THE ORIGINS OF THE WONDER WOMAN

The Amazons of Themyscira were created by five of the goddesses of Olympus, Artemis, Aphrodite, Demeter, Hestia, and chief among them, Athena. Victims of men's violence against women, particularly the gods, were reborn again within a utopia of their own control. For millenia, they existed, they existed in peace, hidden away from the horrors of man's world.

Until Ares arrived.

Ares would convince Heracles to wage war on the Amazons after Hippolyta, queen of the Amazons, rejected his advances. Heracles would rally up a legion of men and pillage the Amazons, Heracles subduing and raping Hippolyta (an act Ares would greatly disapprove of) and making the Amazons his slaves. Hippolyta pleads with the goddesses for help. Athena agrees to aid the Amazons, but only if they do not go against their purpose of creation by seeking revenge. When they agree to her terms, Athena frees the Amazons from their chains.

This uneasy peace would last. The Amazons grew weary of this peace, understanding that even in the new lives they had been given, they remained subservient to the world of man, that even the goddesses of Olympus, in all their power, in all their beauty, remained subservient to their will as well. This uneasy peace would reach its tipping point during the event known as the Twilight of the Gods. A powerful race of beings known as the gods of New Genesis would descend upon the Earth, claiming to be from a utopian society of blossoming forests, towering cities, and beautiful creatures. They hoped to conquer the gods of Olympus, Earth's most powerful pantheon, for their allyship in a war with their natural enemies, the gods of Apokalips. The war between the Olympians and the New Gods was brutal, leaving much of Earth in rubble.

The Amazons, however, sympathized with the plights of the New Gods. They saw the war as an opportunity to fight against their oppressors once more. Though Hippolyta sympathized with the majority who saw the war as a way to fight against their oppressors, she was terrified of the punishment that would befall upon her people, should they take up arms. Hippolyta's sister, Antiope, saw issue with this. Antiope would lead a faction of Amazons to take up arms against the Olympians alongside the New Gods.
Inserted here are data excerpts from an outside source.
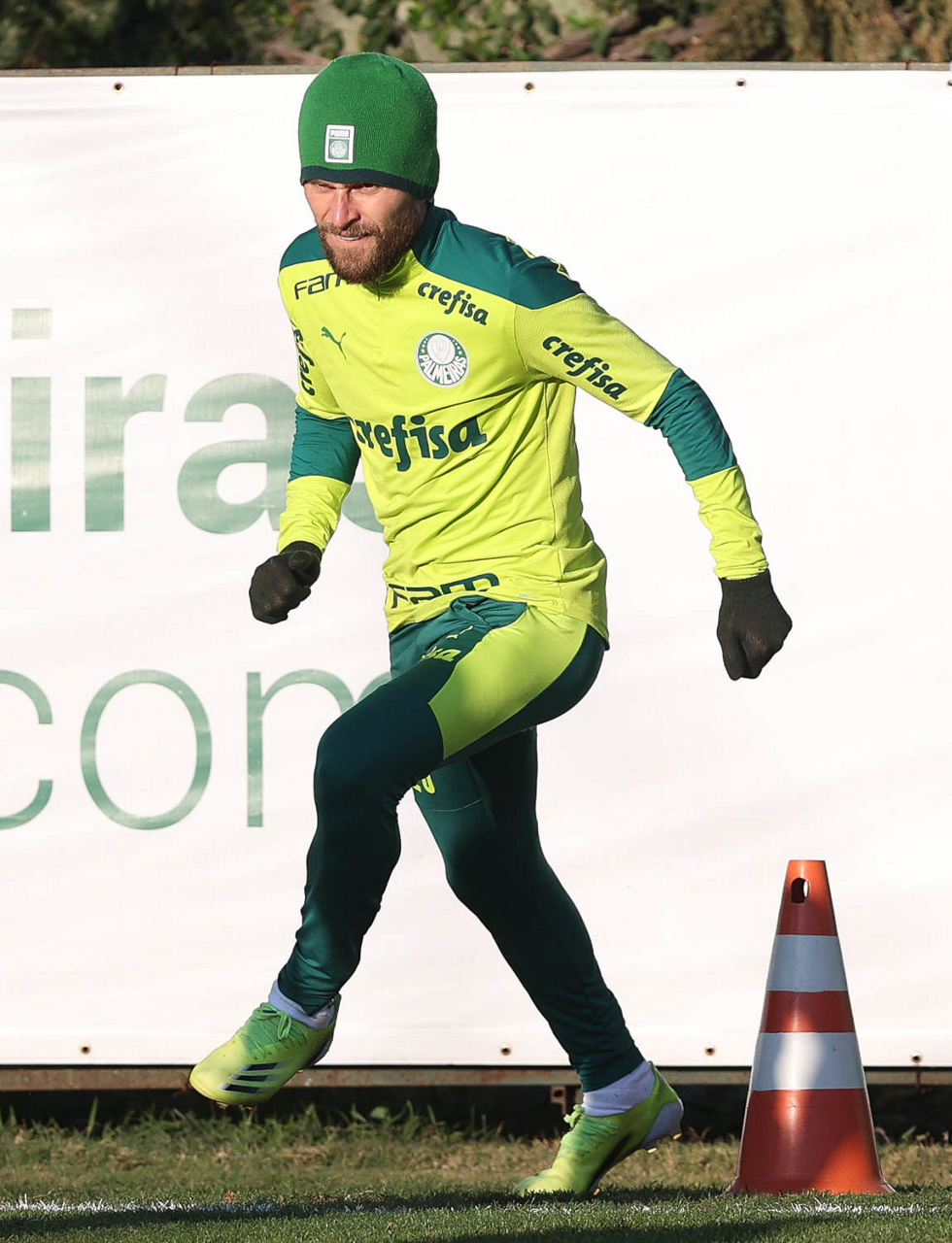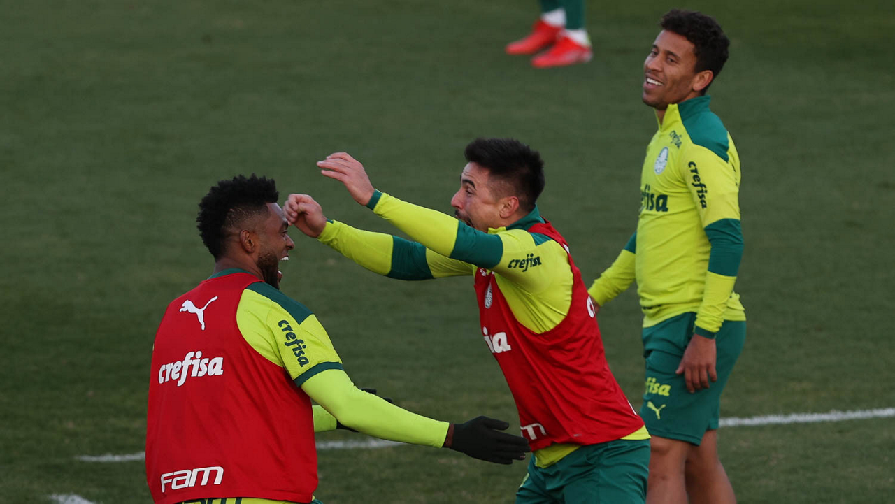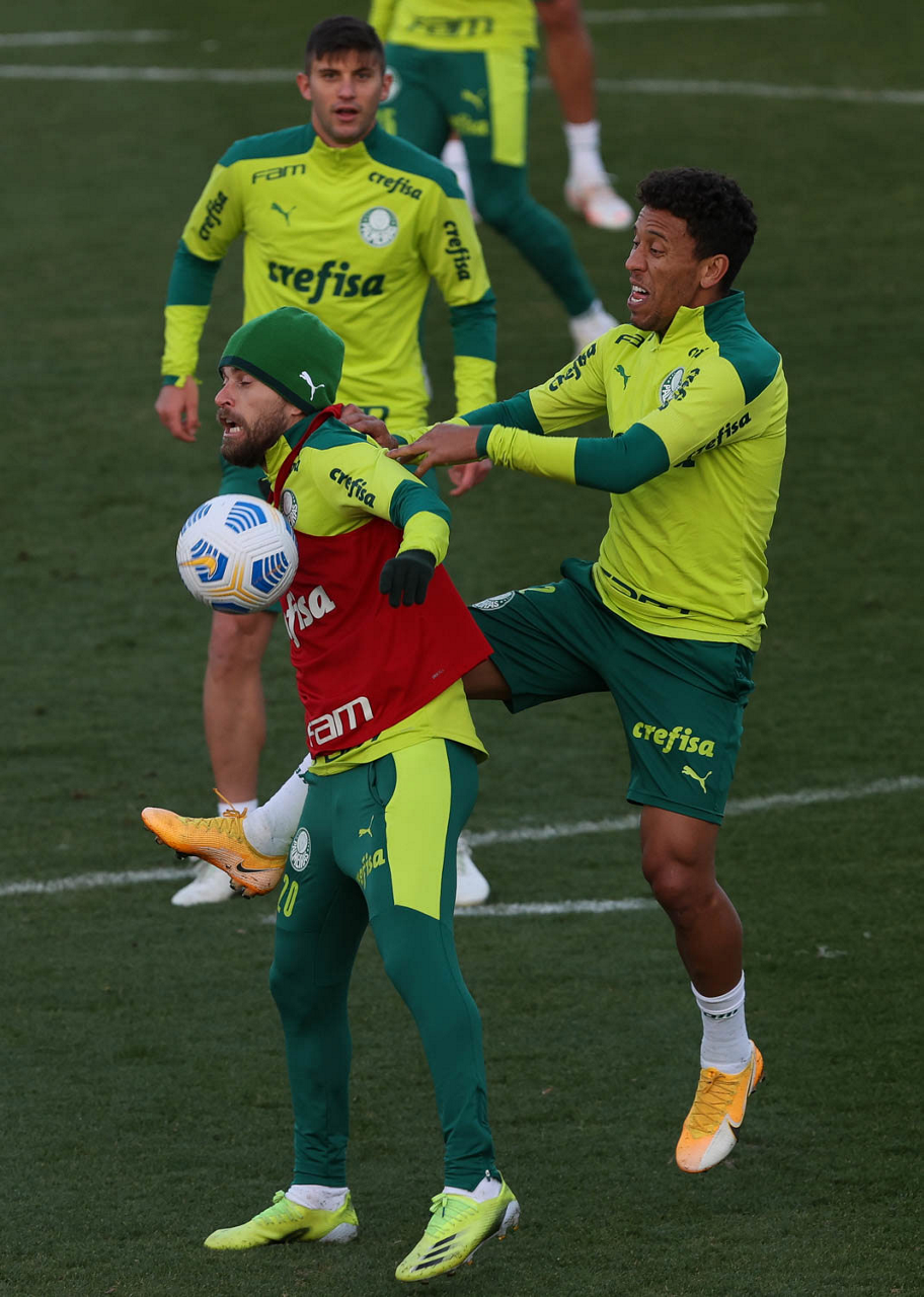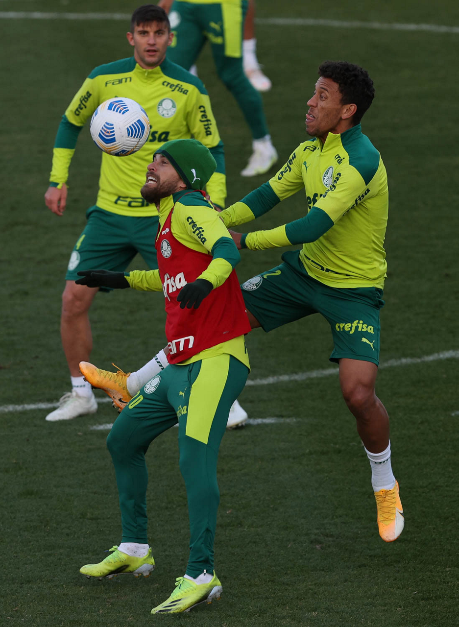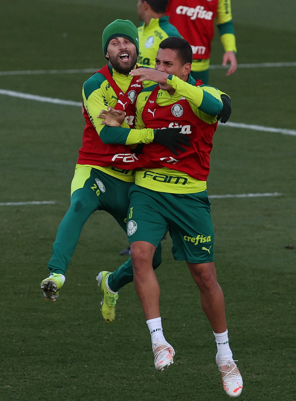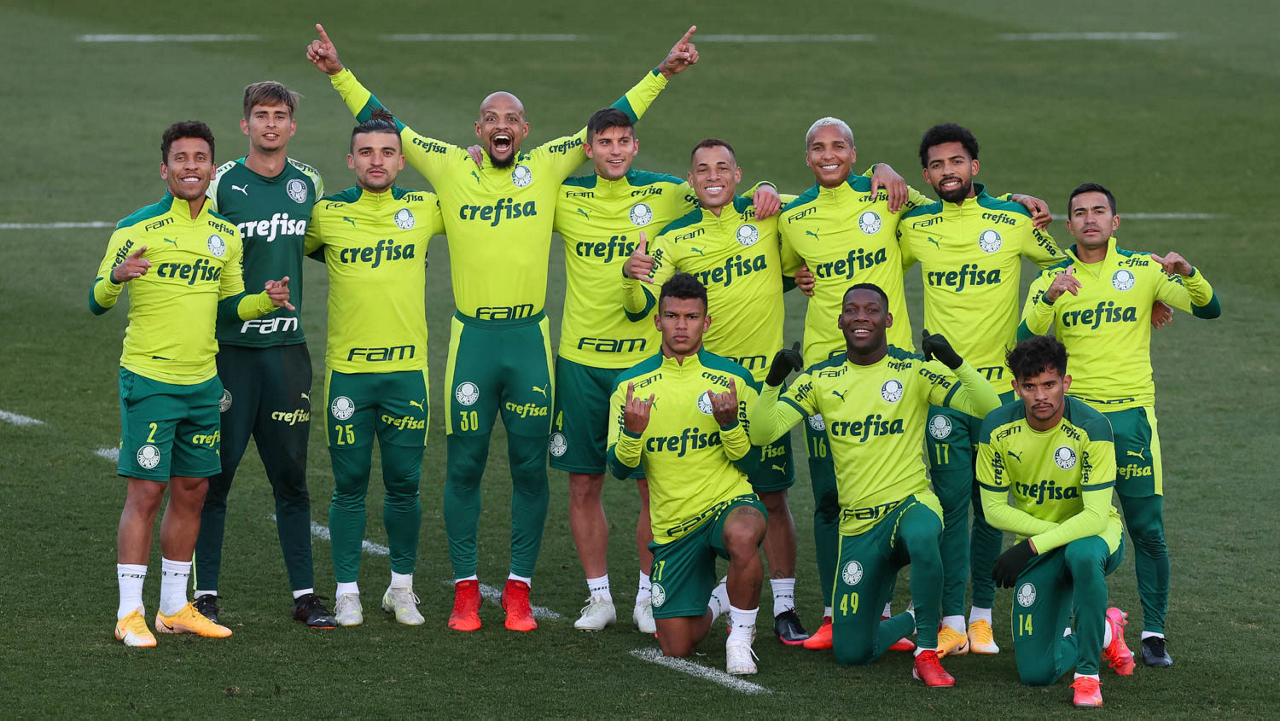 O goleiro Bruno (E) e os jogadores Marcos Rocha, Victor Luis, Felipe Melo, Benjamín Kuscevic, Breno Lopes, Deyverson, Mathesu Fernades e Dudu (E/D em pé) e Gabriel Veron, Patrick de Paula e Gustavo Scarpa (E/D agachados), da SE Palmeiras, durante treinamento, na Academia de Futebol. (Foto: Cesar Greco)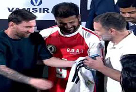 Lok Sabha opposition leader, Rahul Gandhi also met Argentine football legend Lionel Messi in Hyderabad and was presented the GOATED No. 10 jersey by the World Cup winner. He met Messi, who is visiting India as part of the GOAT Tour, and spent time with him.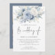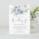 Florals 3 Photos QR Code Dusty Blue Wedding Invitation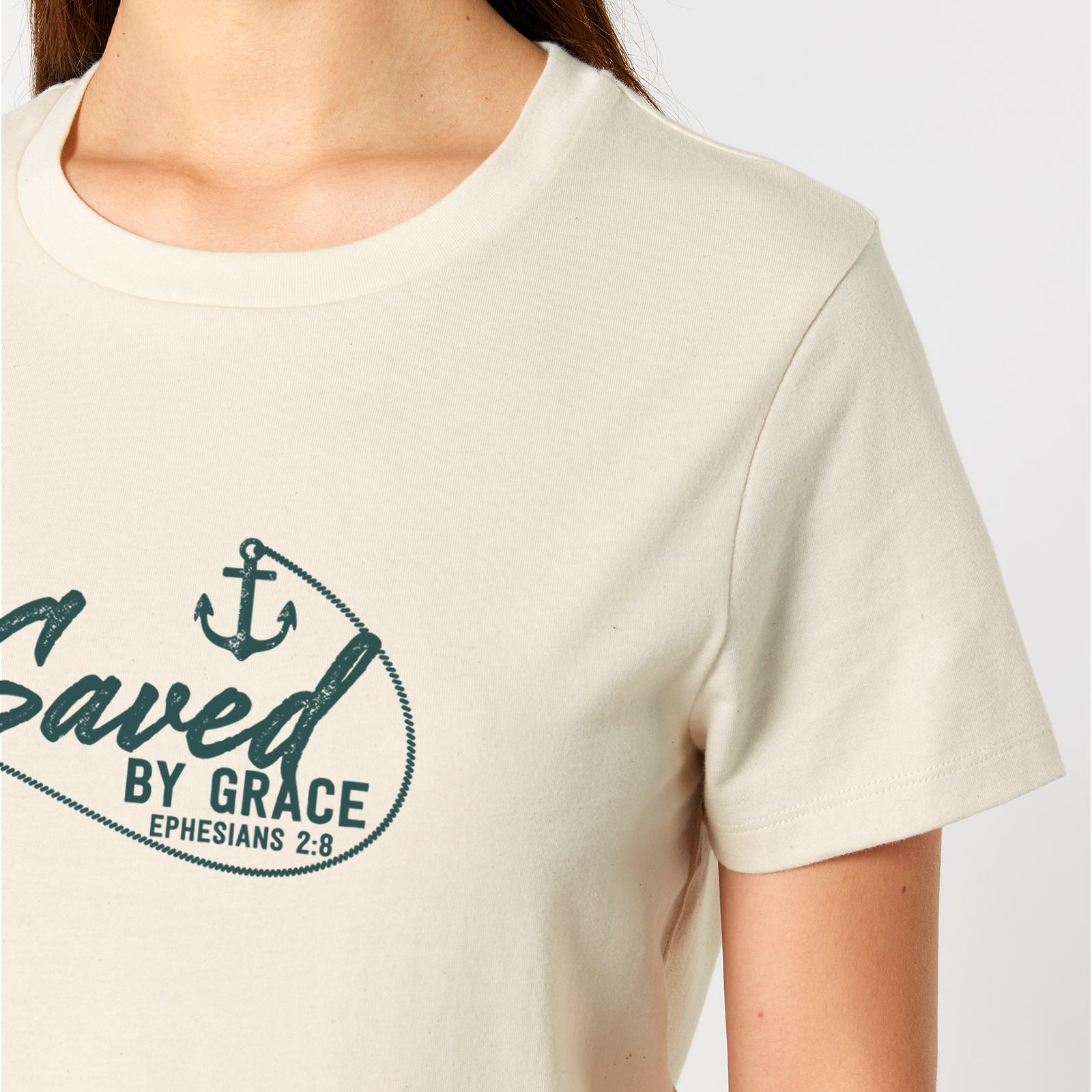 Eine klare, kraftvolle Botschaft: Aus Gnade gerettet. Dieses naturbelassene Shirt bringt eines der zentralsten Statements des Glaubens schlicht und doch stark auf den Punkt. Das maritime Design mit Anker erinnert an Halt, Sicherheit und ein festes Fundament – ideal für Alltag, Veranstaltungen oder als Geschenk.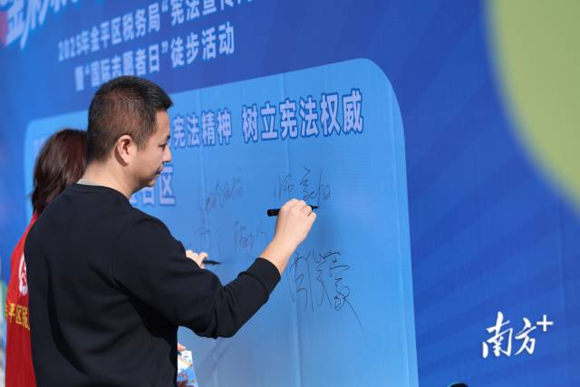 在徒步活动起点,税务人员与社区居民共同在“加强宪法学习、增强宪法意识、弘扬宪法精神、树立宪法权威”的签名墙上庄重签名,共同倡议学深悟透习近平法治思想、大力弘扬社会主义法治精神,让宪法信仰入脑入心,将宪法实践融入到日常行动中。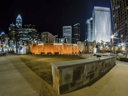 Pronounced shadows are revealed throughout the gardens by well-positioned precision accent light clusters mounted to poles. Lighting has helped create an authentic urban experience that celebrates Charlotte’s history and culture. Both orientation and wayfinding are reinforced by insightful arrangements of lighting equipment, with respect to the various activity nodes.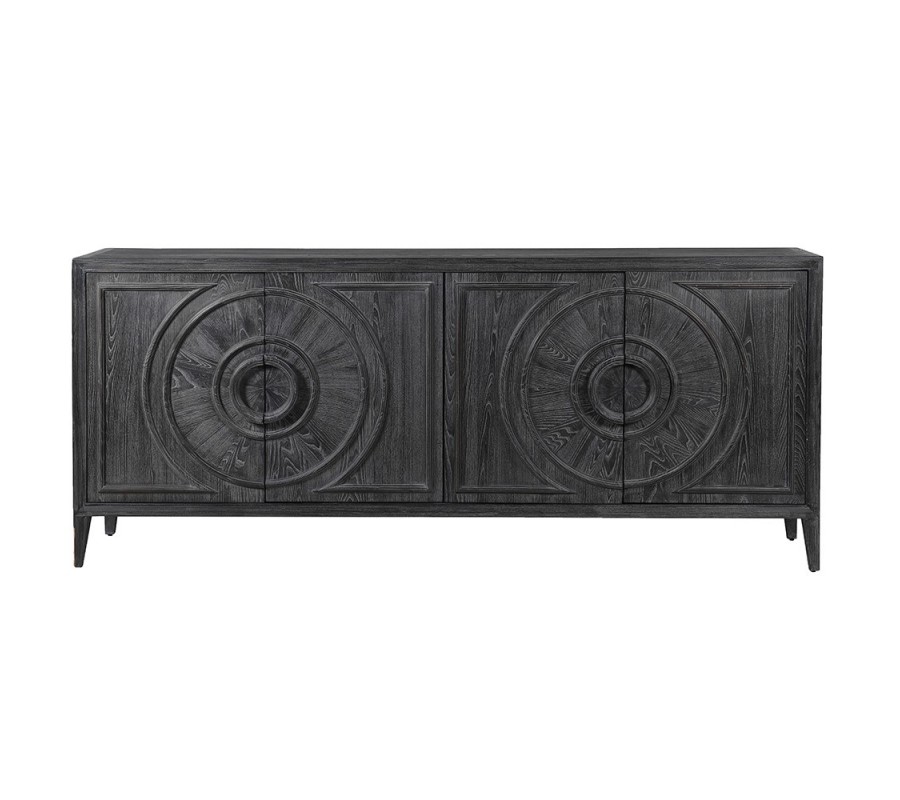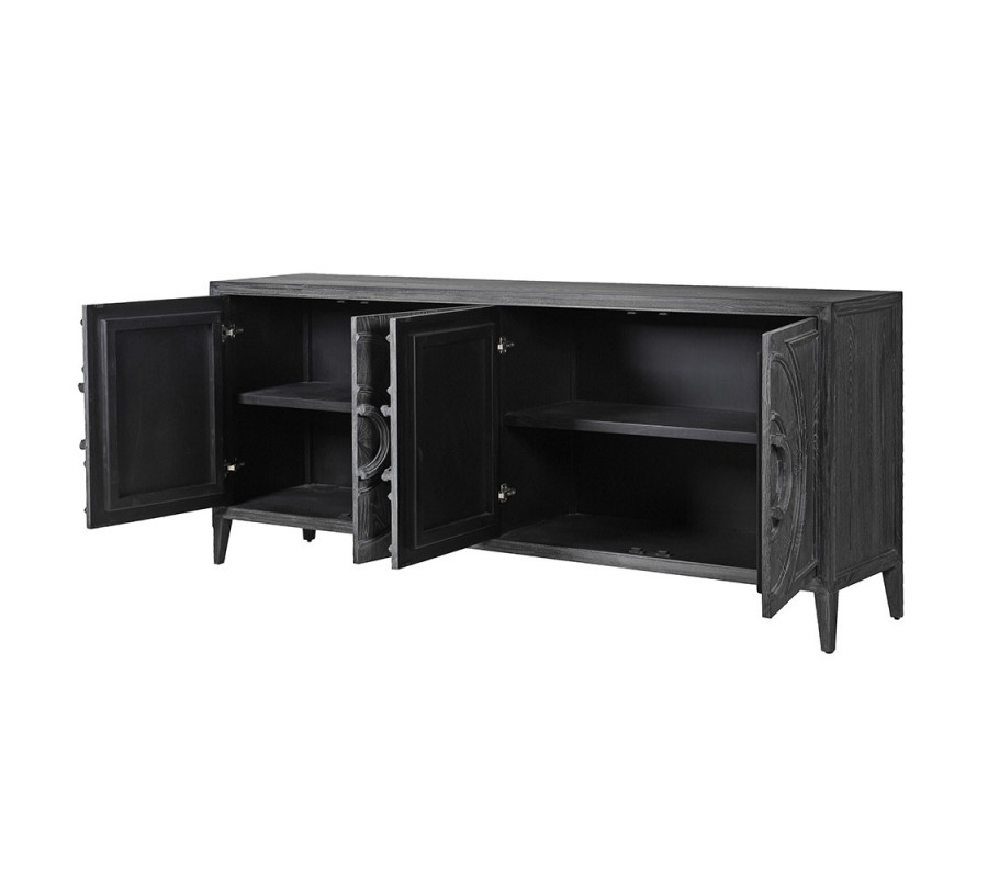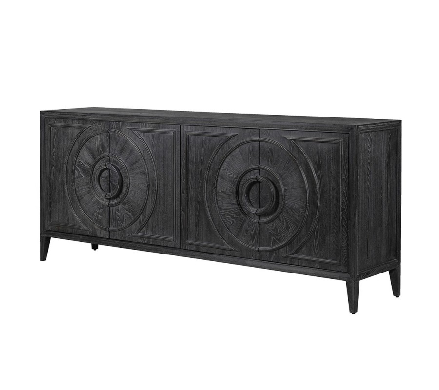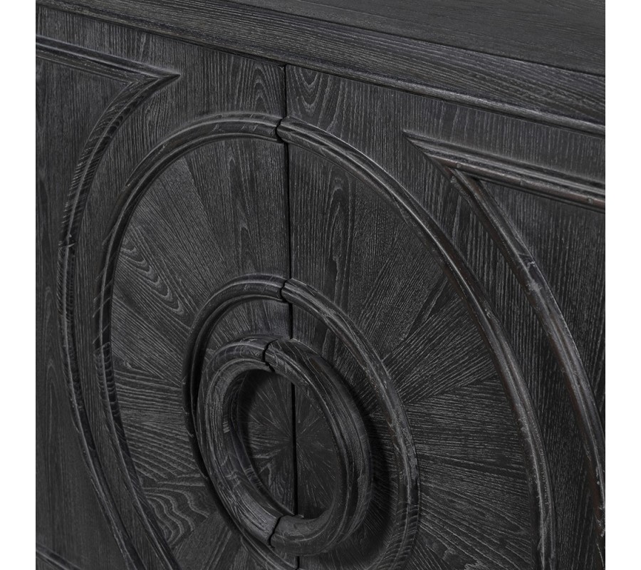 Luxusný artdeco príborník Onyx obdĺžnikového tvaru z masívneho čierneho dreva so štyrmi dvierkami s kruhovými ornamentmi 210 cm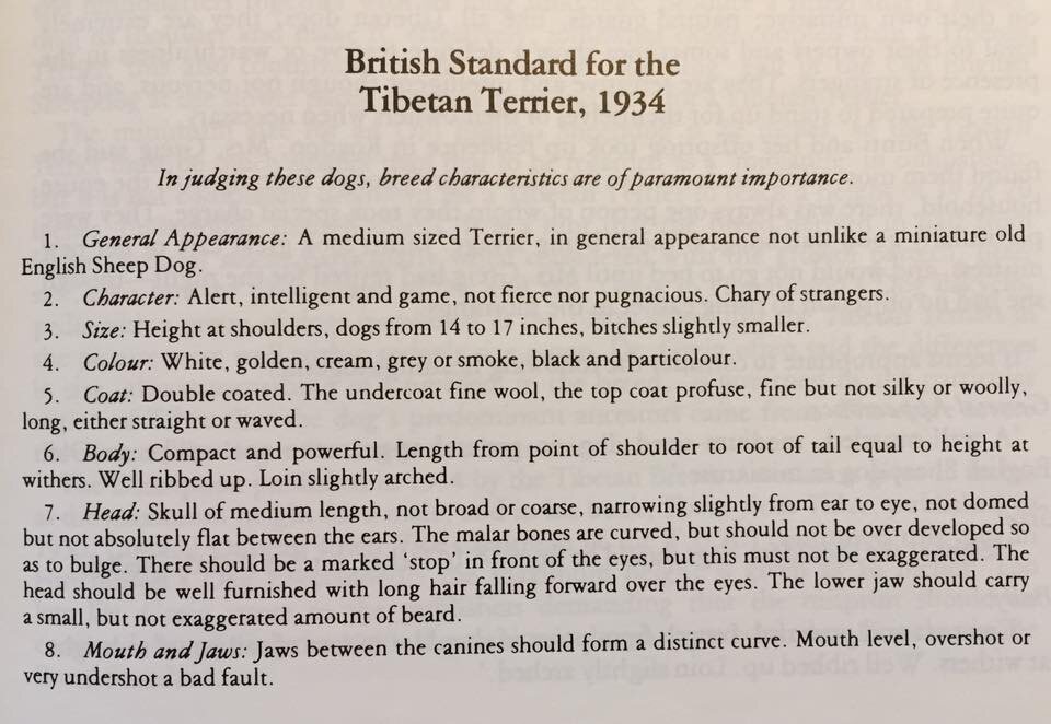 Стандарт породы 1934 года в Великобритании и несколько интересных фотографий— из книги Angela Mulliner's «Тибетский терьер». Британский стандарт тибетского терьера, 1934 При оценке этих собак породные характеристики имеют первостепенное значение. 1. Общий вид: Терьер среднего размера, внешне напоминающий миниатюрную староанглийскую овчарку. 2. Характер: Бдительный, умный и смелый, не агрессивный и не драчливый. С опаской относится к незнакомцам. 3. Размер: Высота в холке: кобели от 14 до 17 дюймов (35,56 до 43,18 см), суки немного меньше. 4. Окрас: Белый, золотистый, кремовый, серый или дымчатый, чёрный и пегий. 5. Шерсть: Двойной шерстный покров. Подшерсток тонкий и пушистый, верхний слой обильный, тонкий, но не шелковистый и не сильно волнистый, длинный, может быть как прямым, так и волнистым. 6. Корпус: Компактный и мощный. Длина от плеча до основания хвоста равна высоте в холке. Хорошо развитая грудная клетка. Поясница слегка выпуклая. 7. Голова: Череп средней длины, не

When the New Gods fell before the Olympians' might, Antiope would be killed. Zeus would punish the Amazons by casting them away to Hades, a godsphere within the Anti-World ruled by its namesake, Hades. Hades, however, sympathized with the Amazonns. He, too, was dealt an unfair card by the Olympians, guarding what was known as Doom's Doorway. He gave the Themscirans the responsibility to guard Doom's Doorway as well as the ability to self govern within the spheres' hellish, demon-plauged lands.

For centuries, the Amazons of Themyscira live in a perfect state of harmony with their surroundings, fearing only the gods that cast them to these lands. Homosexuality is completely natural to them – while some Amazons are chaste, others have loving consorts. Their city is composed entirely of Greco-Roman architecture from 1200 BCE, and they wear Greek garb, togas, sandals, and period armor. They are fervently religious, worshipping their gods as living deities. Artemis is their primary goddess, and they worship her with a sacrifice of a deer. The Amazons celebrate their creation each year in a Feast of Five, remembering the goddesses who brought them to life.

Eventually, the queen of the Amazons, Hippolyta, would sculpt a child from clay. A male. Praying for the goddesses to hear her cries, she begged for them to breathe life into the sculpture, to create for them a savior that would guide their people out of Hades, back to the island that the goddesses had promised them. Taking pity on her most beautiful of creations, Artemis alone would breathe life into this clay child, the one and only son of Themyscira. Hippolyta would name the child Apollo, after Artemis' brother, and out of the symbollic hope that Apollo would lead them to see the overworld's sun once again. Apollo was taught in the ways of the Amazons, taught to love and be kind, yet Apollo was also taught that he was different. That he was to be a man. That he was to fight and conquer, despite the love that surrounded him always. Another factor to him being an outcast? Though a male at birth, Apollo would undergo female puberty, a fact that Hippolyta had greatly tried to disguise.

As a child, Apollo would be haunted by the ghost of Antiope. After an argument with her mother over Apollo's feeling as an outcast, Apollo would be guided by Antiope to Doom's Doorway. Here, Apollo would be reborn again, this time in Man's World. With a new name, one she had chosen herself: Diana, the roman form of the goddess who had imbued her with life in the first place. And now, with a new mission: The defense of all women and the slaughter of the gods that had ravaged her people.